-- Exercise material follows --

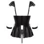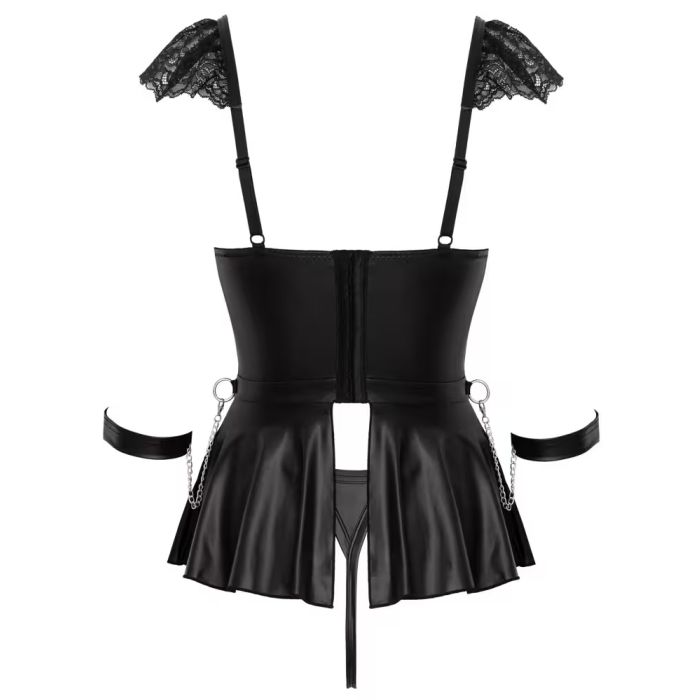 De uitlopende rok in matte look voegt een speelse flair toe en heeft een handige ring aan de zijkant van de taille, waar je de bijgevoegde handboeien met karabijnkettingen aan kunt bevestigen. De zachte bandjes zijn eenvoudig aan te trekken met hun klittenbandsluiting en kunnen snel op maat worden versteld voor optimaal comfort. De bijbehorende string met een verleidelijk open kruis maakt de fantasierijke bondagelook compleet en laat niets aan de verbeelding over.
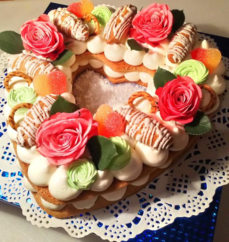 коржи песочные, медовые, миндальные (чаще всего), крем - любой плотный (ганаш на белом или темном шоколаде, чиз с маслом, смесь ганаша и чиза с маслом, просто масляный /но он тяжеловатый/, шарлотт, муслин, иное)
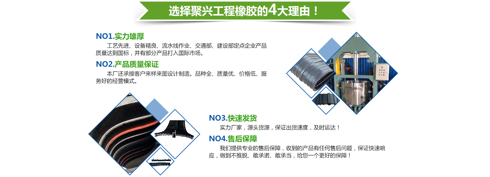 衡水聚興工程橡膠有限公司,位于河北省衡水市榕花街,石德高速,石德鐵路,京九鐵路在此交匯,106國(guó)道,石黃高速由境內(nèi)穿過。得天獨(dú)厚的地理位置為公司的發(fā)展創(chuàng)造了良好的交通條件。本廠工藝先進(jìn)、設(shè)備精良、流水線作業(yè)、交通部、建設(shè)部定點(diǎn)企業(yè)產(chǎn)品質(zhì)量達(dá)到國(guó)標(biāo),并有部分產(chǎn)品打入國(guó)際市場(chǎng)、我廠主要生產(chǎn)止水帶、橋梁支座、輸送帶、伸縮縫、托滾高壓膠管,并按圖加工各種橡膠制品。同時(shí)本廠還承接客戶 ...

-- Exercise material concluded --
-- Exercise material follows --

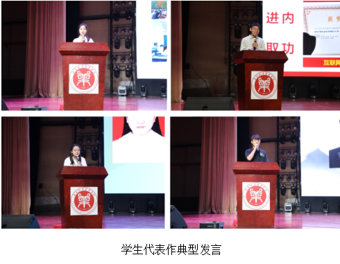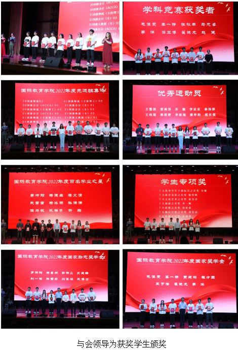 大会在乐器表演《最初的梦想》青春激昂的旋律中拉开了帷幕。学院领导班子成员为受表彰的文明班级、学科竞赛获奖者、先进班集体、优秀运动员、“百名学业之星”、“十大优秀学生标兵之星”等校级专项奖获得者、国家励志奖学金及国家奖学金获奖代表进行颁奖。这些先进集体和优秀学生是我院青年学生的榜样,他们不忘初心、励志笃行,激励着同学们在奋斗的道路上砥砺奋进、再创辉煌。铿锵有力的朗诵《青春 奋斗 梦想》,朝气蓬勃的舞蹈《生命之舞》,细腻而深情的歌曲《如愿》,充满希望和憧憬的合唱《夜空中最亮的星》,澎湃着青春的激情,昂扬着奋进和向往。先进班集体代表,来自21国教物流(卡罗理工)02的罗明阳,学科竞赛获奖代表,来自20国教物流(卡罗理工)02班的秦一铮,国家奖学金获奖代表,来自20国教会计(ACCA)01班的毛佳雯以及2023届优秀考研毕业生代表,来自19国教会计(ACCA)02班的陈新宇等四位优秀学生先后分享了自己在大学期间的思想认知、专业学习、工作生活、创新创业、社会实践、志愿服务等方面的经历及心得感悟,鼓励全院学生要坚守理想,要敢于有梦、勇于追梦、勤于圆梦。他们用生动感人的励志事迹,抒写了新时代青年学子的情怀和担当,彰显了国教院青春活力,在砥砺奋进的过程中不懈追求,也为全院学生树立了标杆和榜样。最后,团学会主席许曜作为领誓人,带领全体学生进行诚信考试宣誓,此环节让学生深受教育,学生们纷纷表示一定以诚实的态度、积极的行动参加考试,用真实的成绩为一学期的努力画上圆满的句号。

-- Exercise material concluded --
-- Exercise material follows --

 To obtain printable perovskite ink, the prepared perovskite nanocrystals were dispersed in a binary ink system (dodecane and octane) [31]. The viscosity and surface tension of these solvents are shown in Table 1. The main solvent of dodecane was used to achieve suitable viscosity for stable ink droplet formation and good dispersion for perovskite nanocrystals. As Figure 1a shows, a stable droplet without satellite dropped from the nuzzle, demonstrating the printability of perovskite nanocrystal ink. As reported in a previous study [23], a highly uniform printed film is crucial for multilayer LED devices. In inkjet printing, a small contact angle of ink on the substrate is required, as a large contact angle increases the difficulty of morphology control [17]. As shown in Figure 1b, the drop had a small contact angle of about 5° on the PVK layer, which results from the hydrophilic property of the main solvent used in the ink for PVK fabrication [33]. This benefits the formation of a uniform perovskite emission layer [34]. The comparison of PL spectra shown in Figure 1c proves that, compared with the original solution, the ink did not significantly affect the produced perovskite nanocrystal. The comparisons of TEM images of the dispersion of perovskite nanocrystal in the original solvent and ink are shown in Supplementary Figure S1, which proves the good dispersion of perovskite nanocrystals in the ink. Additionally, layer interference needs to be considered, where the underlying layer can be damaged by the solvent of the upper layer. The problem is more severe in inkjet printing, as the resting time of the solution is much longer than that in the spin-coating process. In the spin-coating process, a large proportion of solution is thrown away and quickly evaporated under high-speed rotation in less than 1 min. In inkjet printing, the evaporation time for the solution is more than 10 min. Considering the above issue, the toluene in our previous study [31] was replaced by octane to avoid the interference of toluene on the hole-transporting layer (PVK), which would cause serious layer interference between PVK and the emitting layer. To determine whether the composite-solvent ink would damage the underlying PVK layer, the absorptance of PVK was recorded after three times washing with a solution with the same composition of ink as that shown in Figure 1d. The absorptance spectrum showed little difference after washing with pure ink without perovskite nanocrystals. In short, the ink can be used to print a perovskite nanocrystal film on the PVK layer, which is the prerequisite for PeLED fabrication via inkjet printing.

-- Exercise material concluded --

Copy exactly the lines of the entries above from the one containing "коржи песочные, медовые, миндальные" through the one containing "衡水聚興工程橡膠有限公司,位". Both end lines count; pictures do not.

 коржи песочные, медовые, миндальные (чаще всего), крем - любой плотный (ганаш на белом или темном шоколаде, чиз с маслом, смесь ганаша и чиза с маслом, просто масляный /но он тяжеловатый/, шарлотт, муслин, иное)
 衡水聚興工程橡膠有限公司,位于河北省衡水市榕花街,石德高速,石德鐵路,京九鐵路在此交匯,106國(guó)道,石黃高速由境內(nèi)穿過。得天獨(dú)厚的地理位置為公司的發(fā)展創(chuàng)造了良好的交通條件。本廠工藝先進(jìn)、設(shè)備精良、流水線作業(yè)、交通部、建設(shè)部定點(diǎn)企業(yè)產(chǎn)品質(zhì)量達(dá)到國(guó)標(biāo),并有部分產(chǎn)品打入國(guó)際市場(chǎng)、我廠主要生產(chǎn)止水帶、橋梁支座、輸送帶、伸縮縫、托滾高壓膠管,并按圖加工各種橡膠制品。同時(shí)本廠還承接客戶 ...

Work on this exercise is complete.